◆ DATA EXCERPT

= = = = = = =

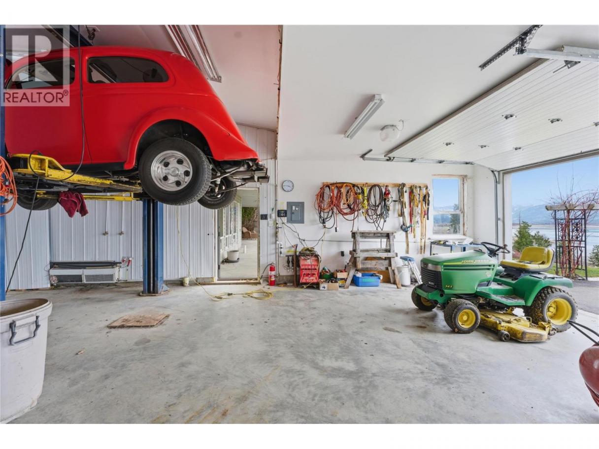 LAKE VIEW! LAKE VIEW! Just over 3.5 Acres In Town | Unobstructed Lake Views | Workshop w/ Hoist | Subdivision Potential A rare opportunity to own private acreage in town with spectacular lake views and endless potential. Welcome to this incredible 3.6-acre property offering breathtaking, unobstructed lake and mountain views right in town. The home features rancher-style main floor living with a daylight walk-out basement, covered deck and basement with suite potential that is perfectly positioned to capture the stunning lake views through large picture windows. A drive-through driveway and double heated garage on the main level make this home both practical and accessible. The property includes a large, paved backyard area along with a detached 2 door heated garage with a workshop attached with the hoist this makes this property ideal for mechanics, hobbyists, or storing recreational equipment. Roof replaced in 2025; radiant heating system and heat pump ( Approx 2 years); hot water tank is approx. 5 years old The partially fenced acreage provides space for a hobby farm, ,or possible subdivision potential for future value. Outdoor enthusiasts will love being near hiking trails and all the outdoor recreation at your fingertips! Located in the highly desirable Appleyard subdivision on a quiet private no-through road. With just a 5-minute drive to Canoe beach, walking distance to schools, and close to amenities and town services. Measurements by IGUIDE are approximate (id:6769)
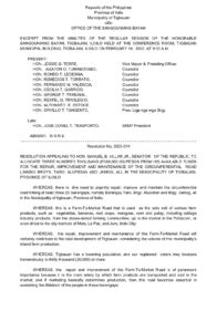 February 19, 2003 jaylord Comment off File Type: pdf File Size: 38 KB Categories: RESOLUTIONS Author: Hon. George T. Tribunal Share: Resolution No. 2003-011 Resolution No. 2003-023
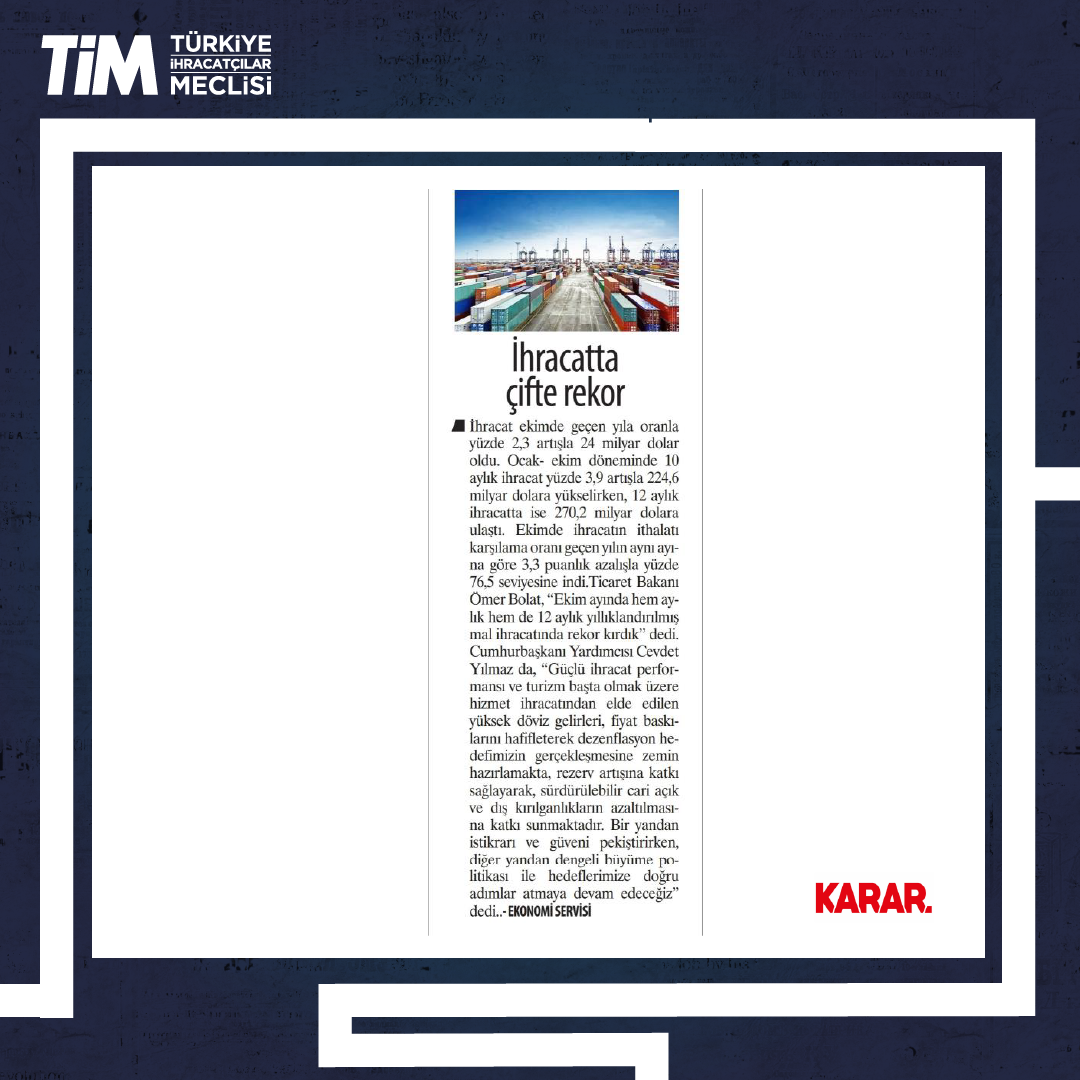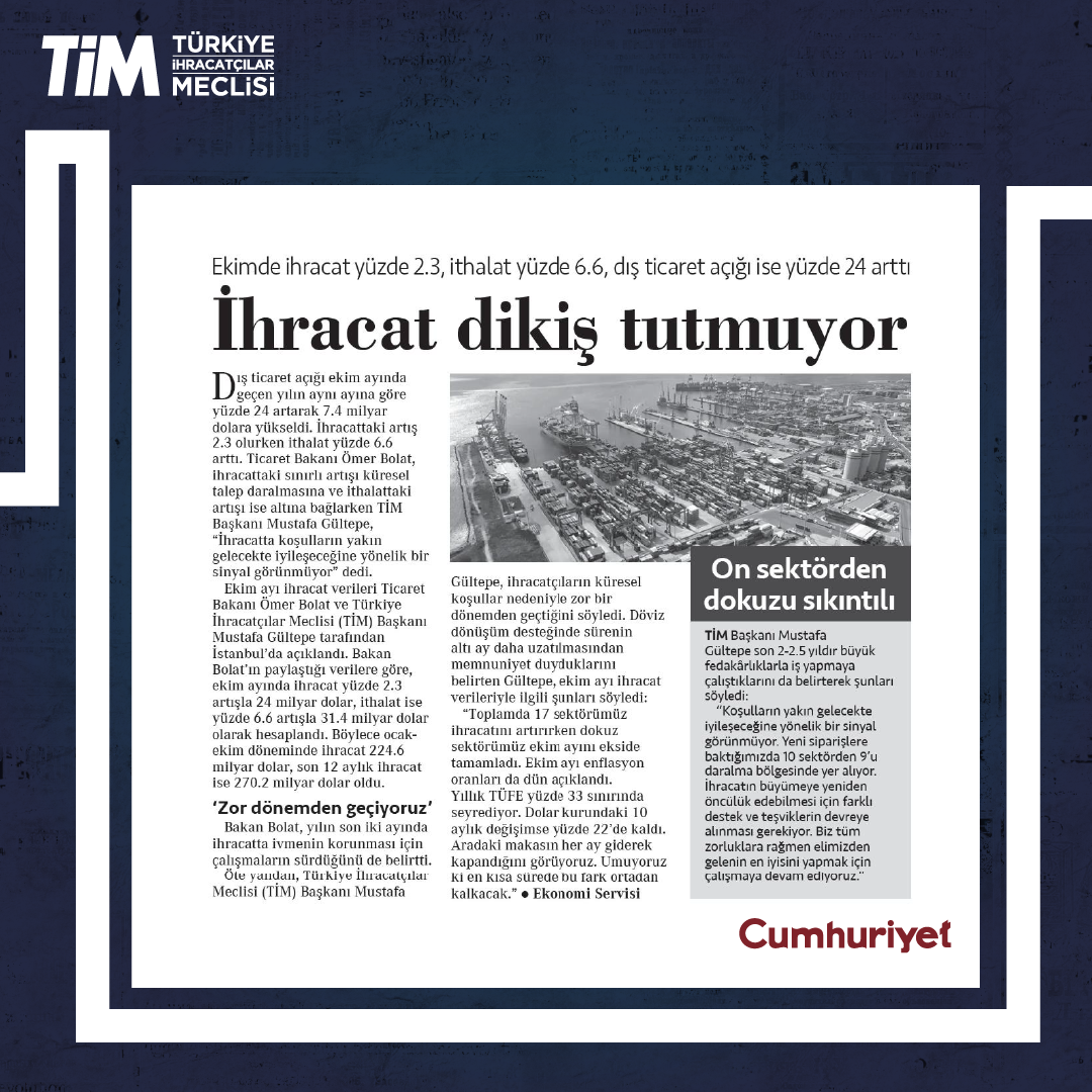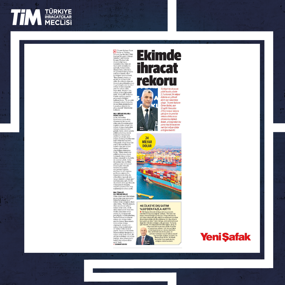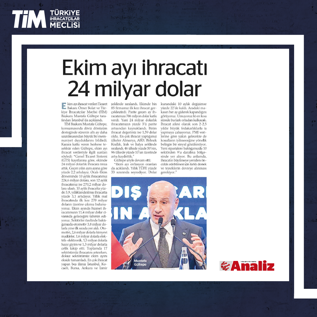 Ekim ayı ihracat verileri Ticaret Bakanı Prof. Dr. Ömer Bolat ve TİM Başkanı Mustafa Gültepe tarafından İstanbul'da açıklandı. Türkiye'nin ekim ayı ihracatı 24 milyar dolar oldu. Ocak-Ekim döneminde 10 aylık ihracat 224,6  milyar dolara, son 12 aylık ihracat ise 270,2 milyar dolara ulaştı. TİM Başkanı Mustafa Gültepe, döviz dönüşüm desteğinde sürenin altı ay daha uzatılmasından büyük bir memnuniyet duyduklarını bildirdi. Gültepe, “İhracat ailesi olarak son 2,5 yıldır büyük fedakârlıklarla iş yapmaya çalışıyoruz. İhracatın büyümeye yeniden öncülük edebilmesi için farklı destek ve teşviklerin devreye alınması gerekiyor.” dedi.

= = = = = = =

◆ ASSIGNED TASK
Once the pictures are set aside, restate the remaining data above exactly.

◆ WRITTEN SOLUTION
 LAKE VIEW! LAKE VIEW! Just over 3.5 Acres In Town | Unobstructed Lake Views | Workshop w/ Hoist | Subdivision Potential A rare opportunity to own private acreage in town with spectacular lake views and endless potential. Welcome to this incredible 3.6-acre property offering breathtaking, unobstructed lake and mountain views right in town. The home features rancher-style main floor living with a daylight walk-out basement, covered deck and basement with suite potential that is perfectly positioned to capture the stunning lake views through large picture windows. A drive-through driveway and double heated garage on the main level make this home both practical and accessible. The property includes a large, paved backyard area along with a detached 2 door heated garage with a workshop attached with the hoist this makes this property ideal for mechanics, hobbyists, or storing recreational equipment. Roof replaced in 2025; radiant heating system and heat pump ( Approx 2 years); hot water tank is approx. 5 years old The partially fenced acreage provides space for a hobby farm, ,or possible subdivision potential for future value. Outdoor enthusiasts will love being near hiking trails and all the outdoor recreation at your fingertips! Located in the highly desirable Appleyard subdivision on a quiet private no-through road. With just a 5-minute drive to Canoe beach, walking distance to schools, and close to amenities and town services. Measurements by IGUIDE are approximate (id:6769)
 February 19, 2003 jaylord Comment off File Type: pdf File Size: 38 KB Categories: RESOLUTIONS Author: Hon. George T. Tribunal Share: Resolution No. 2003-011 Resolution No. 2003-023
 Ekim ayı ihracat verileri Ticaret Bakanı Prof. Dr. Ömer Bolat ve TİM Başkanı Mustafa Gültepe tarafından İstanbul'da açıklandı. Türkiye'nin ekim ayı ihracatı 24 milyar dolar oldu. Ocak-Ekim döneminde 10 aylık ihracat 224,6  milyar dolara, son 12 aylık ihracat ise 270,2 milyar dolara ulaştı. TİM Başkanı Mustafa Gültepe, döviz dönüşüm desteğinde sürenin altı ay daha uzatılmasından büyük bir memnuniyet duyduklarını bildirdi. Gültepe, “İhracat ailesi olarak son 2,5 yıldır büyük fedakârlıklarla iş yapmaya çalışıyoruz. İhracatın büyümeye yeniden öncülük edebilmesi için farklı destek ve teşviklerin devreye alınması gerekiyor.” dedi.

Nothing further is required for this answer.